Many a time in my life, I have sat in a Mexican restaurant filling up on chips and salsa long before my meal has arrived.
I have even sometimes been the obnoxious person who requests salsa refills after the waiter has stopped offering them and the thought has crossed my mind that this restaurant is for sure losing money on me.
But I can’t help myself. Restaurant salsa is the best salsa around in my mind. Chunky and smooth at the same time, coats a chip perfectly, and is jam-packed with all of the spicy-tomatoey flavor I need in my salsa.
Another really great thing about restaurant-style salsa: IT’S SUPER EASY TO MAKE AT HOME. Minimal chopping required. Just throw a total of NINE ingredients into a blender and turn it on.
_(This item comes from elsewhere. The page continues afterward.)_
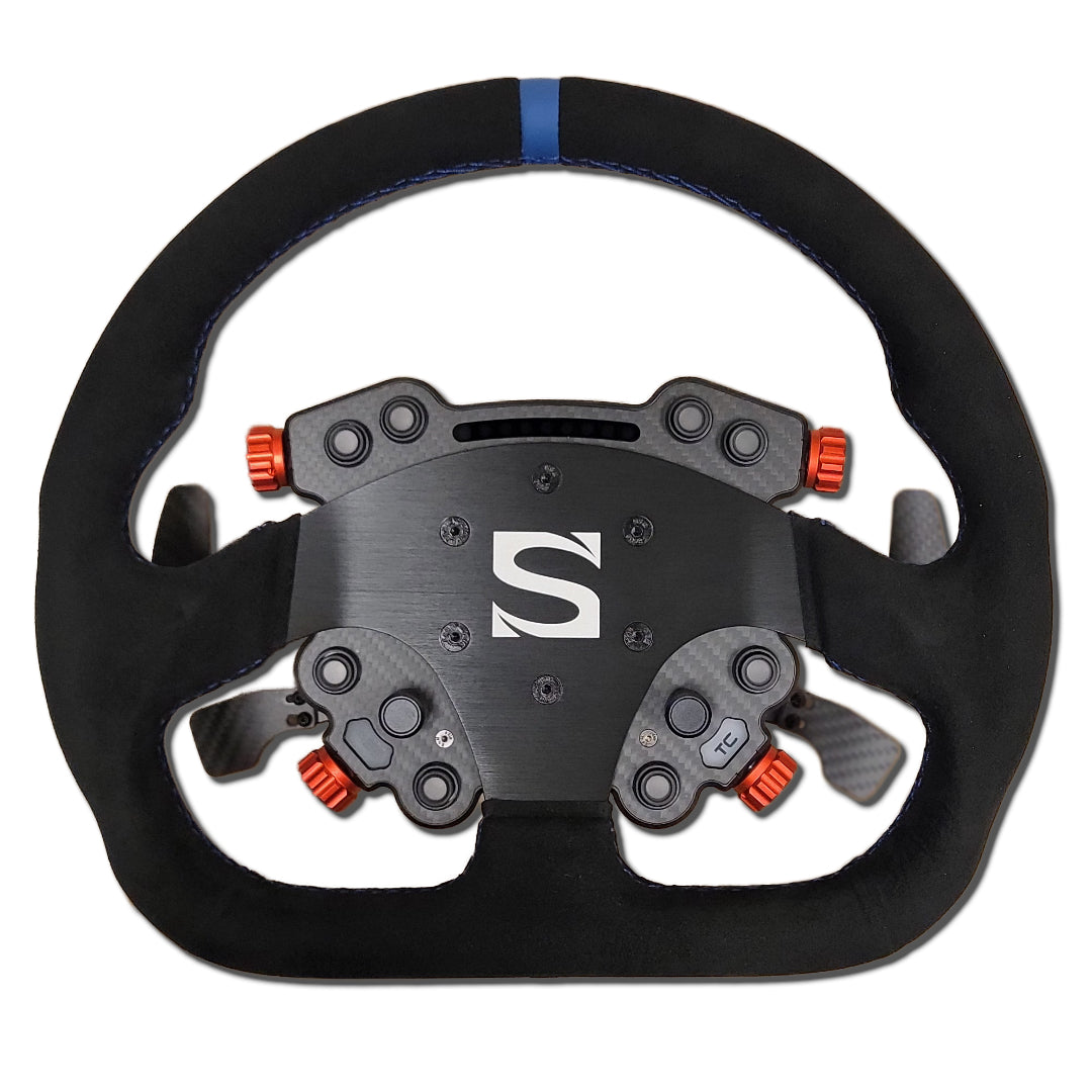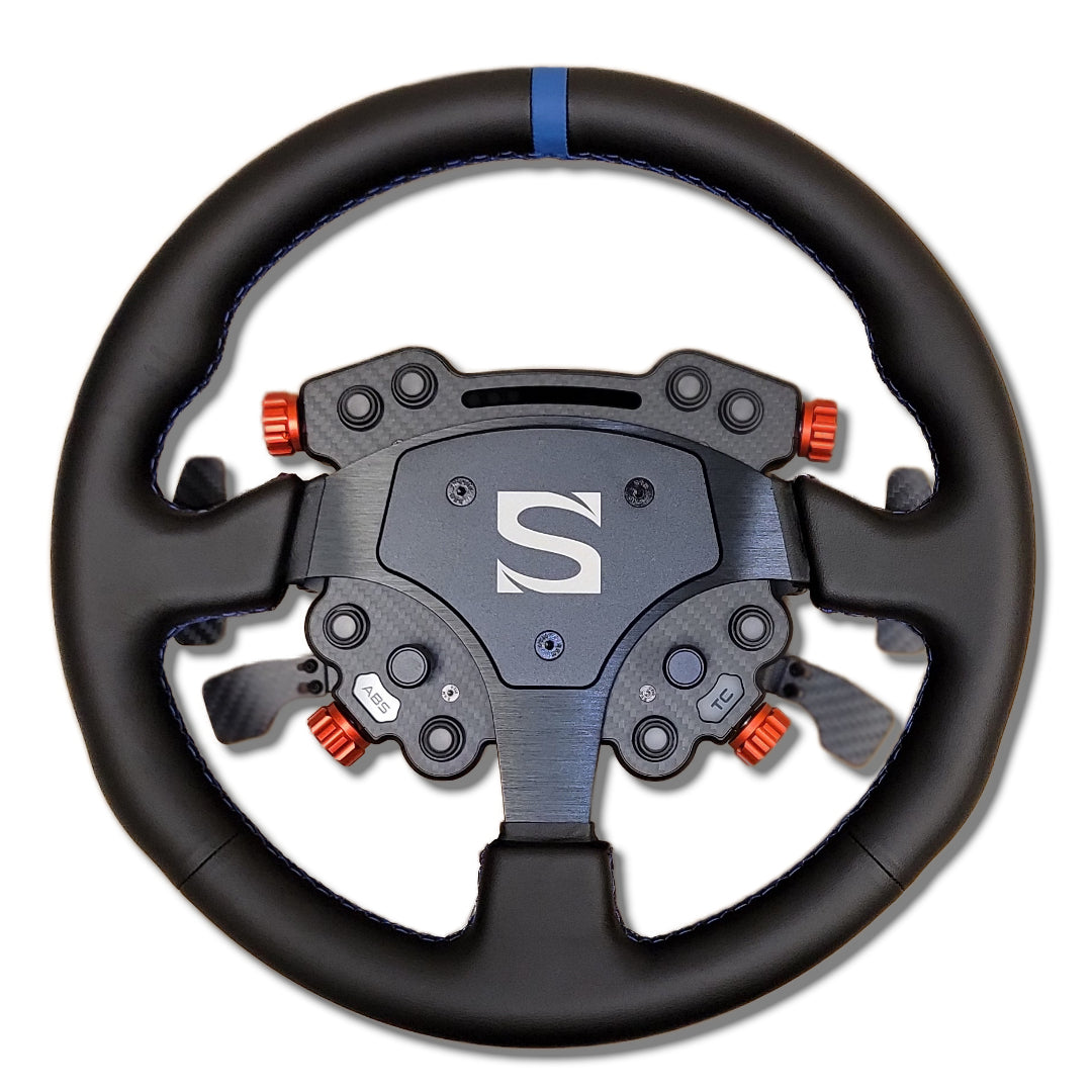 Ideal for sim racers using Simagic wheel bases who want a customizable GT-style wheel with dual clutch paddles, wireless functionality, and premium material options.

BAM. Restaurant-style salsa.
Dip. Eat. Repeat.
When you can’t be lounging in your favorite Mexican joint eating salsa and sipping margaritas with your friends, this homemade version is the next best thing.
- 2 (14.5 ounce) cans fire-roasted tomatoes
- 1/4 cup roughly chopped onion
- 1 jalapeño, roughly chopped
- 1 cup packed cilantro leaves
- 3 cloves garlic, roughly chopped
- Juice of 1 lime
- 1 teaspoon salt
- 1/4 teaspoon cumin
- 1/4 teaspoon sugar
Place all ingredients in a large blender and blend until combined. Adjust seasoning to taste.
I recommend making salsa at least an hour prior to serving, as blending makes it slightly frothy and the bubbles need a bit of time to settle down.
Can be stored in the refrigerator for up to 5 days (assuming it hasn’t been eaten long before then!)